I quite enjoyed that, until the last bit - 'Next Week' - which, despite my best efforts not to, has forced certain images into my mind which I cannot now expunge...

You shit.

daisyfae said...

getting comfortable with yourself takes a bit of time, but it's quite pleasant in the end. i don't bitch if i forget to shave my legs before an evening of Haagen Daaz, cheap wine and self love...

Dandelion said...

Off the topic somewhat, but I love the new look of your blog.

Maybe you should get a flatmate and pocket the money.

The Unbearable Banishment said...

So glad to see you've turned your flat windfall into a positive force in your life. Well done, you. By the way, in the "before" picture of a few posts ago, there's a bottle of beer next to a bottle of lotion on your desk. Was that pic taken on a Saturday night?

luna said...

"Now with added masturbation..."

Is that what's called a rider?

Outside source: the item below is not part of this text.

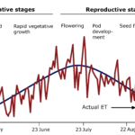 Soybean uses water efficiently. Depending on weather and soil, it uses 400–700 mm water as rainfall, irrigation or from soil to form a yield of 3 tonnes/ha. Soybean uses 1,300 to 2,300 tonnes of water per tonne of soybean produced. This is comparable with sunflower and lower than rapeseed. The rate of water use changes as the crop develops. Soybean seeds absorb about 50% of their weight in water when germinating, so moisture in the upper soil layers is essential. Rolling a freshly sown field under dry conditions helps to improve seed-soil contact and the supply of soil water to the seed. The crop needs about 1.2–2.5 mm of water per day during emergence and seedling development. The water moves from the soil to the atmosphere through evaporation from the soil surface and transpiration from the crop canopy. The rate of evapotranspiration depends on the crop canopy’s response to solar radiation, air temperature, relative humidity, and wind. Water usage increases as the canopy develops to about 2.5–5.0 mm per day. The vegetative stages are less sensitive to water shortages than later reproductive growth stages because the crop loses the capacity to compensate for short periods of stress as the crop progresses (Figure 1).

With knobs on?

Anonymous said...

and that rubes is 'wankers angst'. or 'wangst', if you'd prefer. no amount of telling you all this, or all that, or that your pretty cool/funny/albeit a tubby ginger whingefeck will never do any good with you. even if you did find what you think it is your looking for to make you happy, i doubt very much that you'll recognise it anyway. your happiest on the outside looking in. so the only person responsible for fucking happiness, and i'm not talking jesus loves you happy-clappy hapiness here, is you. sort it out mate, its just a state of mind and if something isn't right then change it. and your the only limp wank who can do that.

Ellie said...

Like Dandelion, like the new look.

Homer said...

I can't help but feel slightly impressed that you manage to last eight and a half minutes on your own.

fwengebola said...

Huw ~ Here's to the next two. Cheers!
McTodd ~ Summon it up, R. The filthy heterosexual smut, the dark, the laughter, and then the tears. Taste the fear.
Df ~ Haagen Daas, you say? Methinks I've left something out of what should now be the New Holy Trinity...
UB ~ Actually, there are beers in both pictures. The latter was actually - oh god, the impending cliché - He'Brew from my trip to NY. It was a Lenny Bruce special edition.
Luna ~ One of these days I'm gonna get your comments.
Anon ~ Dammit, who are you? You've written before. I think you've even emailed and you're Northern.
But you're right, of course.
Annoyingly.
Ellie ~ Why thank you.
Homer ~ Sometimes I can get over 10, if I'm bored.